__WORK INSTRUCTIONS__.
Copy the lines from the start of the records below through the line containing "こどもの家保育園・志木中宗岡 野菜の苗植えといちご食べたよ♡ いるか組(4歳児)", both included, and leave out the pictures.

[[ EXERCISE INPUTS open ]]

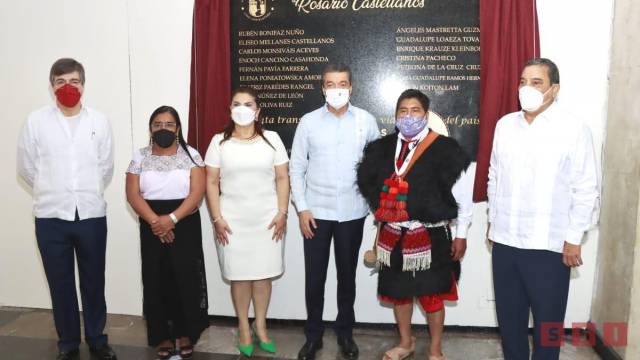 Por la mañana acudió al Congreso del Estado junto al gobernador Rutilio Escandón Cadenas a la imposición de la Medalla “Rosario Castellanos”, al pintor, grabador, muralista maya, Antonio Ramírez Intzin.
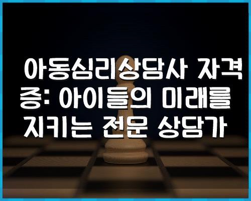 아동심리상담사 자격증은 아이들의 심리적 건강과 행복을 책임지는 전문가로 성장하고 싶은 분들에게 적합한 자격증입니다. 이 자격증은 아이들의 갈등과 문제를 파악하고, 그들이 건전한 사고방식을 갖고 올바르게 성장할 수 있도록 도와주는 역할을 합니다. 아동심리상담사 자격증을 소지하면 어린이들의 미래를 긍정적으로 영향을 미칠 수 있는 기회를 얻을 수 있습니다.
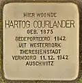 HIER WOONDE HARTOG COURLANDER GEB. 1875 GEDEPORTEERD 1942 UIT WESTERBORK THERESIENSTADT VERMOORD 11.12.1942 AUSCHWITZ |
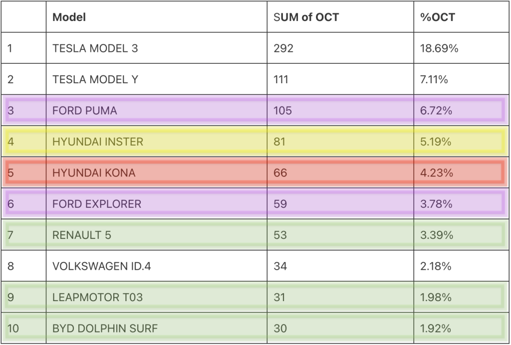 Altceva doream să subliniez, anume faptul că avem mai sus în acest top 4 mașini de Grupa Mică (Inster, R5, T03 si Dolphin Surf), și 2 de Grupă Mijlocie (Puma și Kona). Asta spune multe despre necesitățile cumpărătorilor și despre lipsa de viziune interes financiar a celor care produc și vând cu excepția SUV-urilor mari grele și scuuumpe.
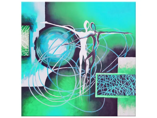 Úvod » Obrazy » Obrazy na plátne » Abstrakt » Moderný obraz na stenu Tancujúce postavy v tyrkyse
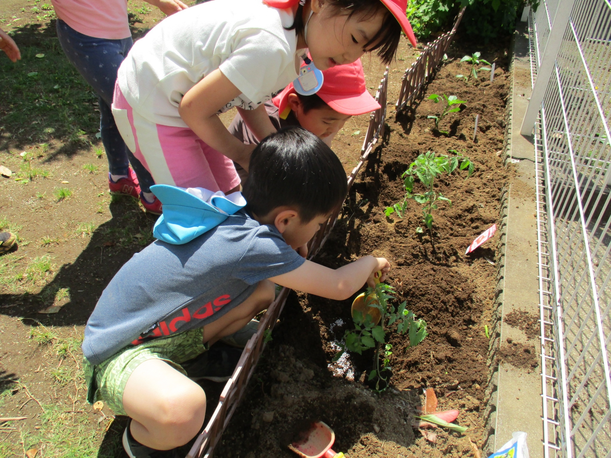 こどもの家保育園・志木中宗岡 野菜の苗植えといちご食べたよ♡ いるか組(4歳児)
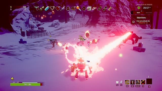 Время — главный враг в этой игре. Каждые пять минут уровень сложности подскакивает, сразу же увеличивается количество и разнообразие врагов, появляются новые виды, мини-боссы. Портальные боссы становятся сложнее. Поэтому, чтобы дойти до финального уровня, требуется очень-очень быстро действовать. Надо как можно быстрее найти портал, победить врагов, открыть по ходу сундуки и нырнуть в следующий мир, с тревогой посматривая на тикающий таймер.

[[ EXERCISE INPUTS closed ]]

__WRITTEN REPLY__.
 Por la mañana acudió al Congreso del Estado junto al gobernador Rutilio Escandón Cadenas a la imposición de la Medalla “Rosario Castellanos”, al pintor, grabador, muralista maya, Antonio Ramírez Intzin.
 아동심리상담사 자격증은 아이들의 심리적 건강과 행복을 책임지는 전문가로 성장하고 싶은 분들에게 적합한 자격증입니다. 이 자격증은 아이들의 갈등과 문제를 파악하고, 그들이 건전한 사고방식을 갖고 올바르게 성장할 수 있도록 도와주는 역할을 합니다. 아동심리상담사 자격증을 소지하면 어린이들의 미래를 긍정적으로 영향을 미칠 수 있는 기회를 얻을 수 있습니다.
 HIER WOONDE HARTOG COURLANDER GEB. 1875 GEDEPORTEERD 1942 UIT WESTERBORK THERESIENSTADT VERMOORD 11.12.1942 AUSCHWITZ |
 Altceva doream să subliniez, anume faptul că avem mai sus în acest top 4 mașini de Grupa Mică (Inster, R5, T03 si Dolphin Surf), și 2 de Grupă Mijlocie (Puma și Kona). Asta spune multe despre necesitățile cumpărătorilor și despre lipsa de viziune interes financiar a celor care produc și vând cu excepția SUV-urilor mari grele și scuuumpe.
 Úvod » Obrazy » Obrazy na plátne » Abstrakt » Moderný obraz na stenu Tancujúce postavy v tyrkyse
 こどもの家保育園・志木中宗岡 野菜の苗植えといちご食べたよ♡ いるか組(4歳児)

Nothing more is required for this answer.